Mark plays the japanese banjo...

Going to start breaking the trip down into single days in an effort to keep the ball moving forward here a bit more…


 

We woke early and caught the train to the Kansai Airport where we hopped on a flight to the New Ishigaki Airport.

Once in Ishigaki, we took a bus to the port where we boarded a ship to take us to Iriomote-jin. Not before purchasing a really delicious burger though. Note to self: if you ever have a ‘home’ again – keep wasabi on hand not just for sushi, but as a burger condiment as well.

Seriously, wasabi is an amazing burger condiment!
Seriously, wasabi is an amazing burger condiment!

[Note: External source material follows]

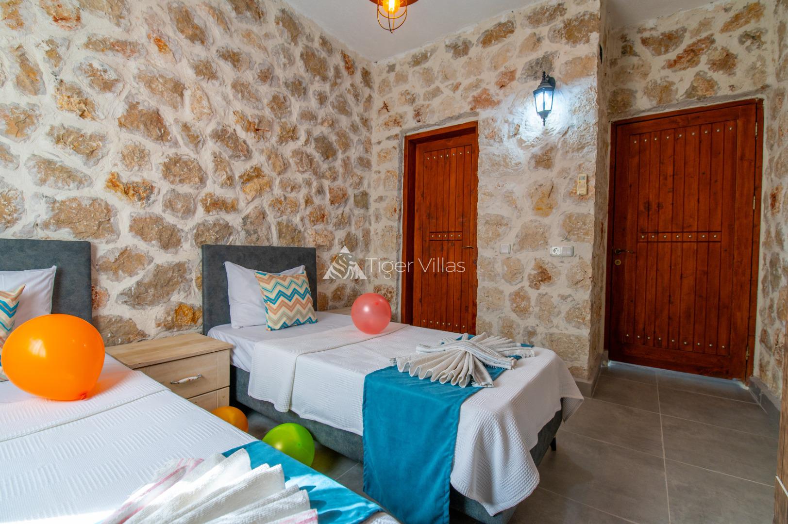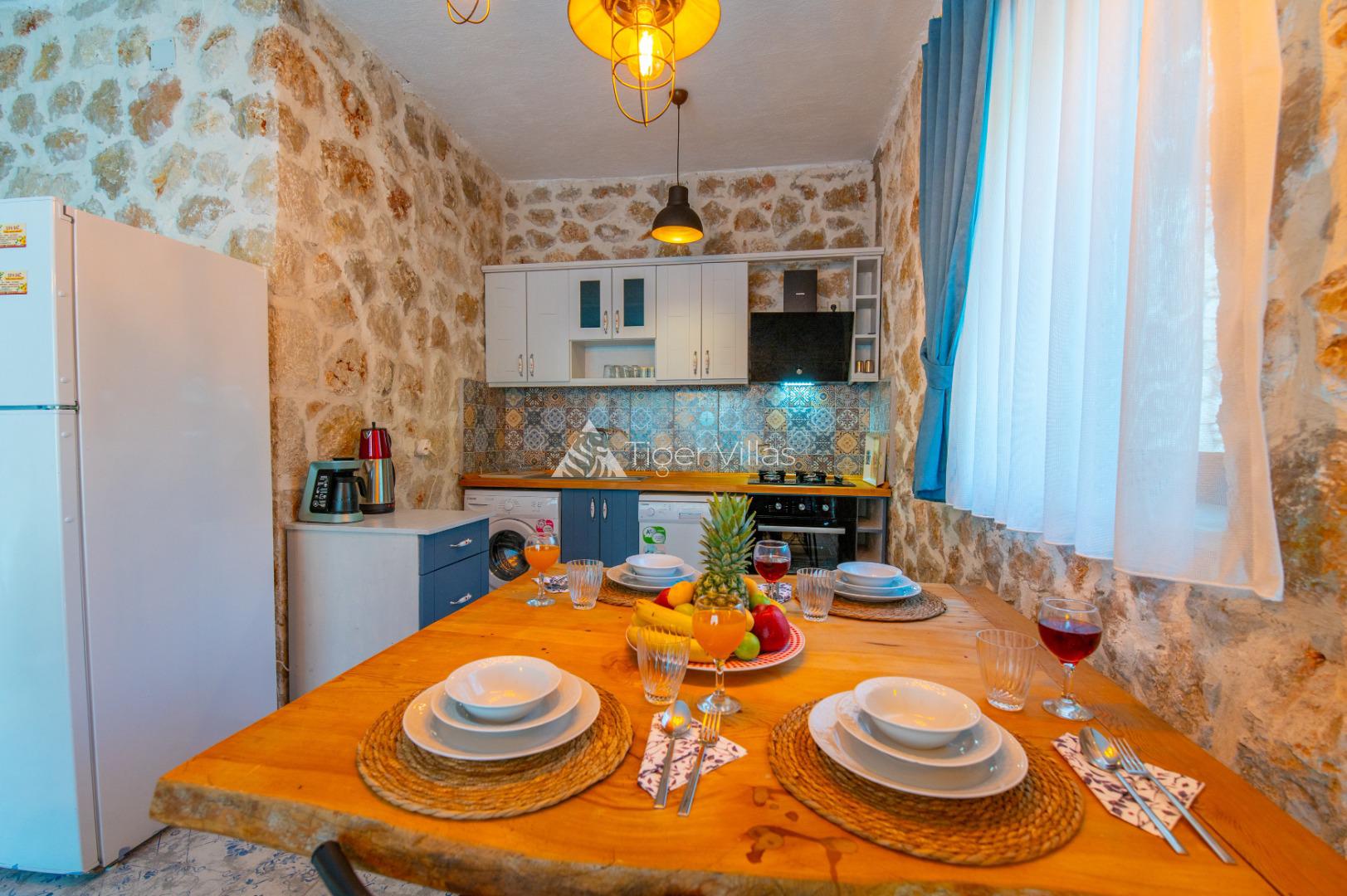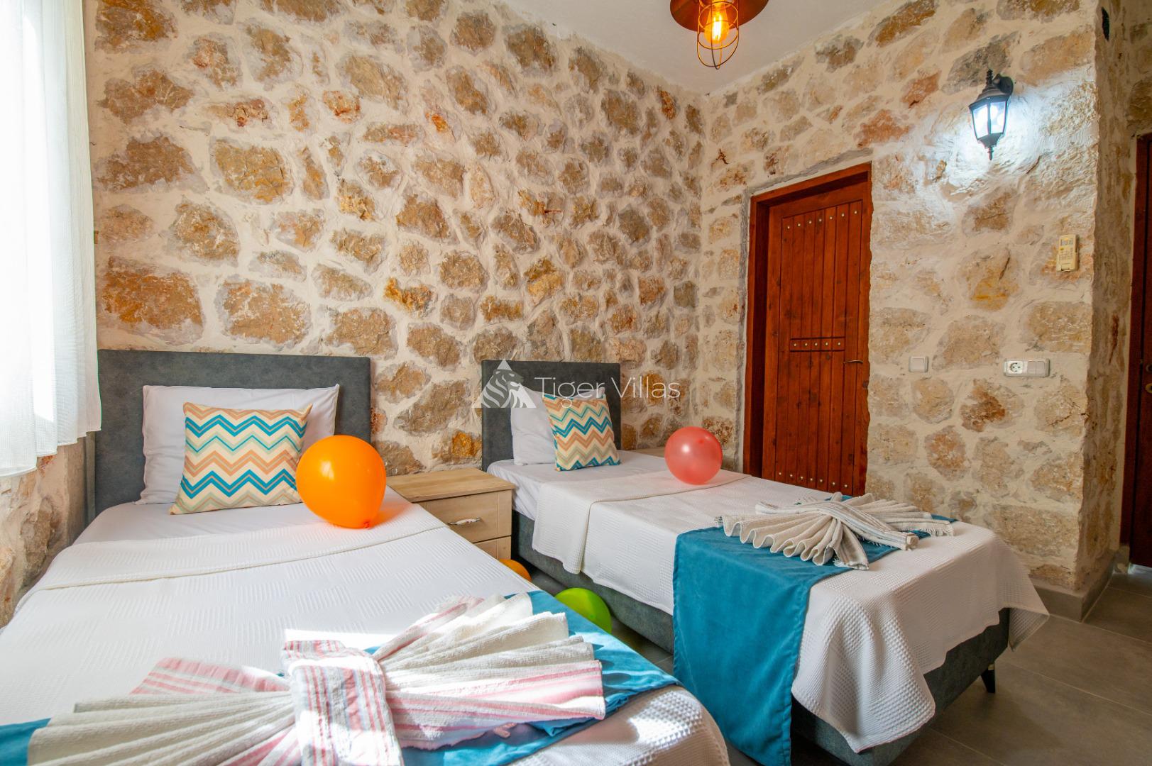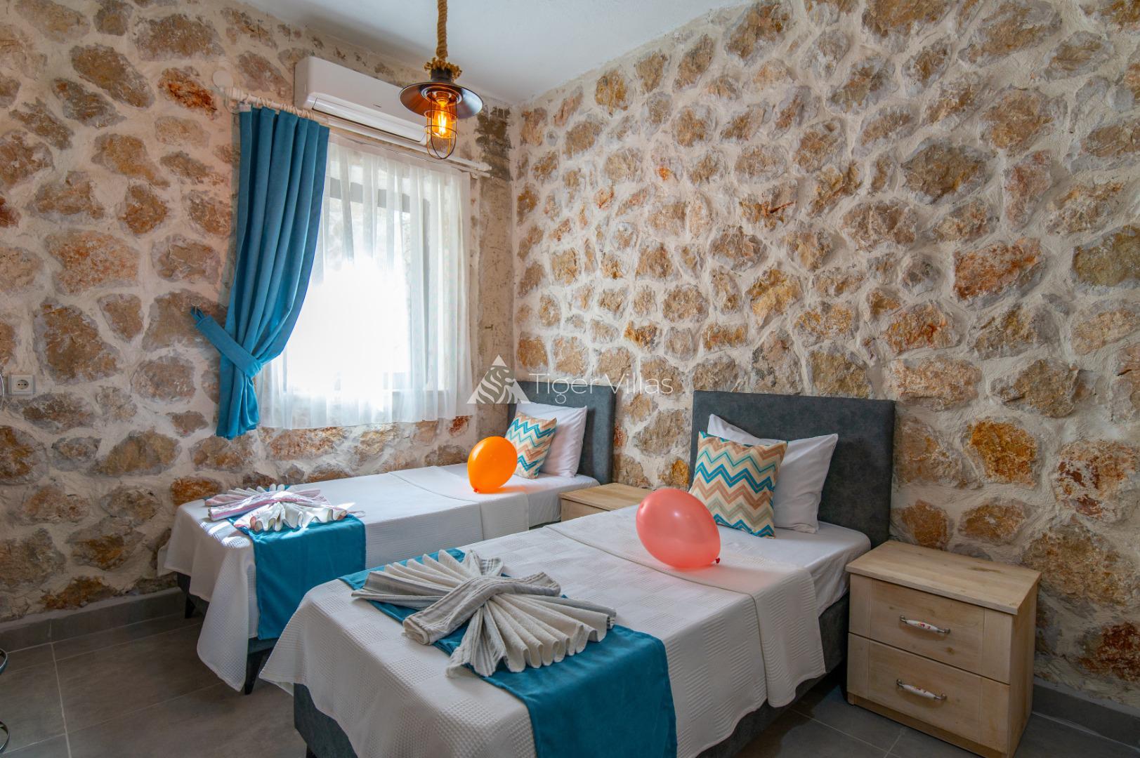 Summer Rental Villa Stone House 2, in the Islamlar area of Kalkan, with a 2-bedroom capacity for 4 people, our villa is in our options of Conservative Villas, Villas with Jacuzzi and Honeymoon Villas, our villa is ideal for families and couples looking for a conservative villa with stone architecture in a quiet and peaceful environment. It is also preferred by honeymoon couples. There is a jacuzzi in the master bedroom of our villa.
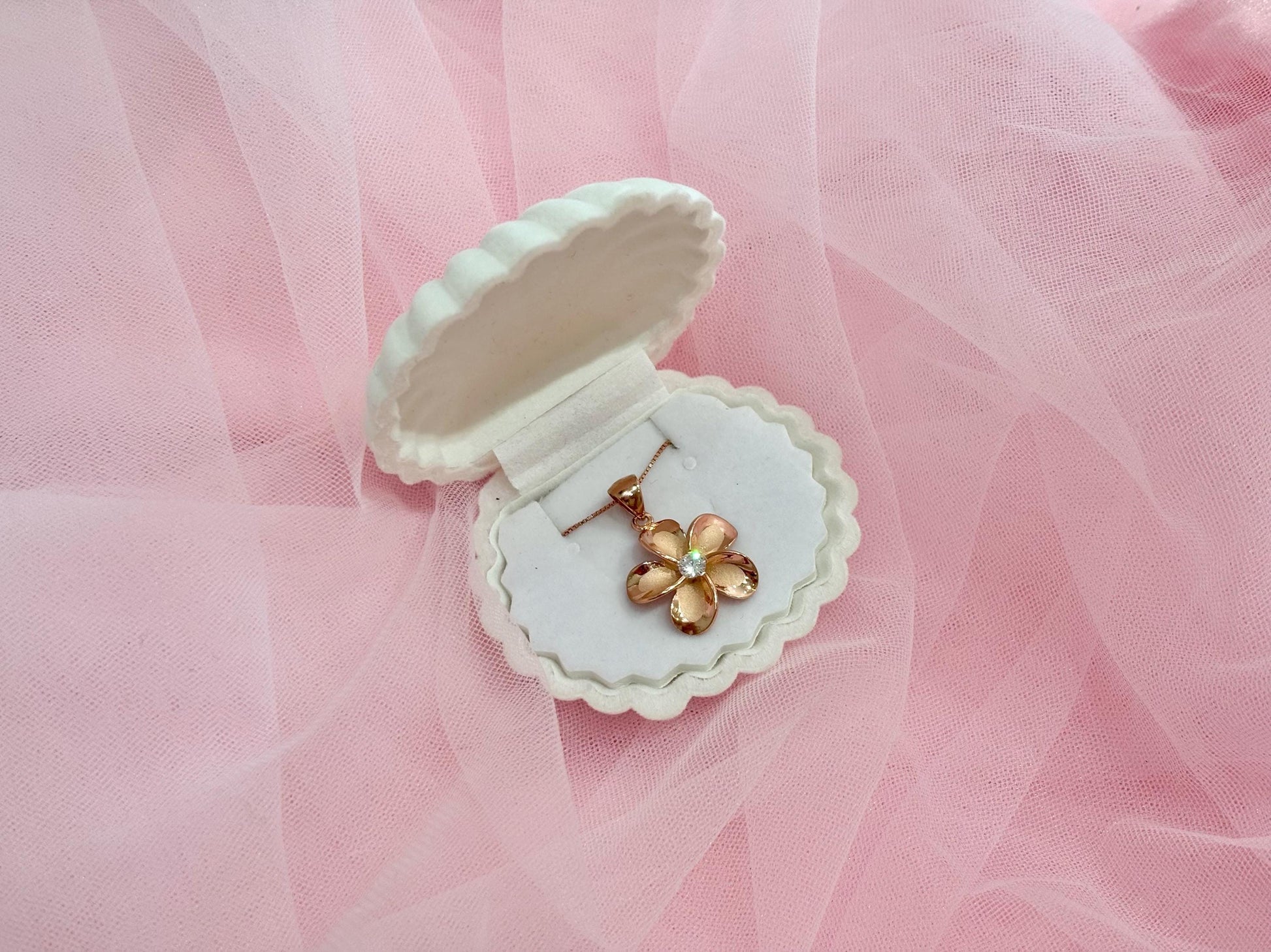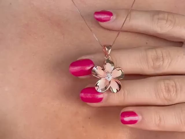 Hawaiian Plumeria Flower Necklace, 14K Rose Gold-Plated 925 Sterling Silver with CZ, Sparkly Romantic Gift for Wife, Mom, Girlfriend

For those keeping track, on this single day, Mark and I availed ourselves of the following means of transportation:

  • Feet
  • Train
  • Plane
  • Boat
  • Bus
  • Water Buffalo

Catch that one did you? Yeah. Water buffalo. There’s a smaller island just off of Iriomote (called Yubu Island). The intervening distance is pretty shallow and somewhere in the past, the locals realized that they could lead carts across to the island being pulled by water buffalo. Fast forward a few decades and the transportation method is mostly a tourist trap, but what the hell? We were tourists, and it seemed fun, so away we went.

Maybe not OUR trusty steed, but one just like it...
Maybe not OUR trusty steed, but one just like it…

It was a very good call. While crossing, our host even played a little live music on his… banjo? Lute? Not sure what to call it. Ok music peeps – educate me.

The cart had a ‘privacy panel’ which the driver lifted to shield us from the view when the water buffalo did its business. We both had a good chuckle about that.

On the island itself there was an impressive amount of things to do given the size of the island. A gardens area, a restaraunt, and the home for the water buffalos all were packed on the island which couldn’t have been much bigger than a fistfull of city blocks.

Mark and I turned in our coupons for a free glass of pineapple juice. It was delish. Fresh as it gets. We also debated trying the regional funky ice cream flavor*, but decided against it in favor of some pork and noodles soup at the restaraunt. Quite tasty, but too much grissle for my liking.

I've always loved soups, and Japan is a country that shares that love.
I’ve always loved soups, and Japan is a country that shares that love.

We left the tiny island the way we came – we caught the last water buffalo out of town. I just like saying that.

Back on the bus, we continued on to our home for the night. We made it in time for dinner and a show – more live music with the same sort of instrument – this time by our new friend Aki (short for Akiro). Aki proved to be a great resource and Mark talked to him a good deal about our upcoming trek and safet樂威壯
y precautions as Aki had done the traverse several times. I believe he also caught the fresh fish we ate for dinner. Aki? He’s kinda a renaissance guy.

Aki - fisherman, musician, and trekker.
Aki – fisherman, musician, and trekker.

 

*That’s a thing in Japan. It seems like wherever you go there’s a regional flavor that they make into pretty much everything, and they start with ice cream. I’m certain (though I haven’t seen it yet myself) that there’s a region who has the flavor (and thus the ice cream based on) “seaweed”.